NERC-CEH / rse_group

4 stars 1 forks source link

Code review for contributions to MAMBO project #30

Open metazool opened 1 month ago

metazool commented 1 month ago

As a group we've had a request to offer code review of work contributed to the MAMBO project.

For now this is a placeholder issue while we discover:

I've reached out to the PI and trying to close the loop by pointing the code contributors here. Links to repos and docs to be added as they are discovered. Date for completion of whatever can be done, is likely to be end of November 2024.

Anticipate getting out of this exercise:

metazool commented 4 days ago

Quick update on this - we've received links to three projects, one of which is accessible to read.

As submitted it needs more documentation, I've pushed back on accepting for review until we reach a certain threshold; and we should be involved in helping to define what that is in future projects that look like this! Included here is the bulk of my response by email:

https://book.the-turing-way.org/reproducible-research/reviewing/reviewing-checklist- the Turing Institute produce a decent, if idealised guide to the process of reviewing research code that we would be looking to go through.

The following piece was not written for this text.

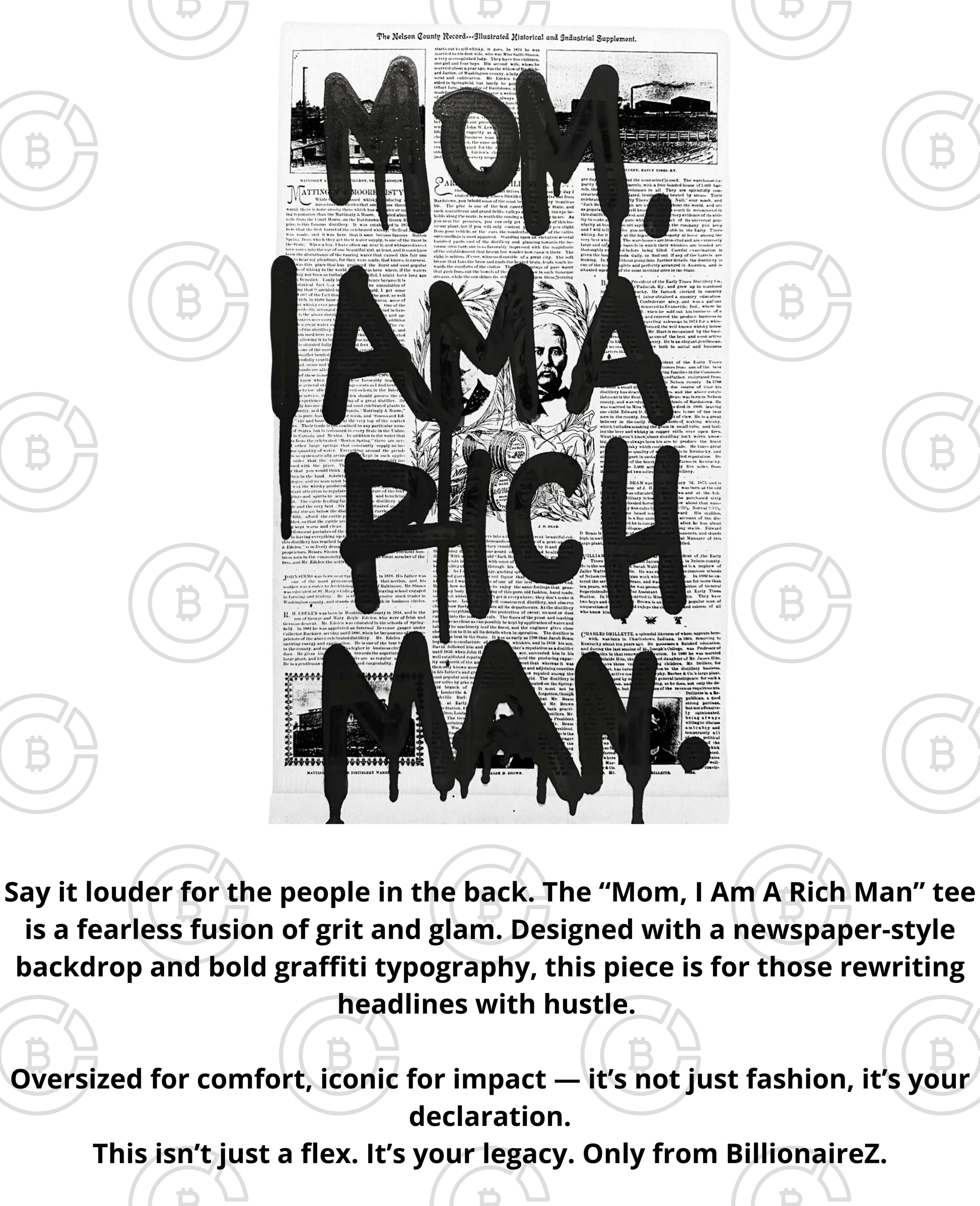 Say it louder for the people in the back. The “Mom, I Am A Rich Man” tee is a fearless fusion of grit and glam. Designed with a newspaper-style backdrop and bold graffiti typography, this piece is for those rewriting headlines with hustle.

Their checklist goes into a lot of detail, not all of which we would insist upon. For example, if someone is working in a setting where they have never been expected to produce automated tests that run and check their code, and they hadn’t been explicitly asked to do this at the project outset, then we couldn’t demand that of them (and would consider contributing some tests ourselves as part of the review process).

How much capacity do the project partners have to ask the contributors to do a bit more work to make their code reusable? At a minimum threshold needed for the results to be reproduced, code included in a research project needs:

• Description of how to build the software, and guidance for any software it depends on • Description on how to run it against the sample data provided, including any specific conditions for the environment it runs in • Description of what the intended outcome is

This doesn’t need to be a lot of overhead, or a formal document – it could be a few paragraphs in a README.txt file. I would push back against accepting anything that doesn’t have this in place. We could and ideally should ask for more thoroughness, go further into that Turing checklist! Documentation within the code itself about what each function does; a standard layout aid readability; and crucially, a set of code tests that check its output, check it handles bad data properly, and illustrate its inner workings. But if this wasn’t requested up front, and would cause extra work the project partners don’t have resources for, then we probably can’t expect it now.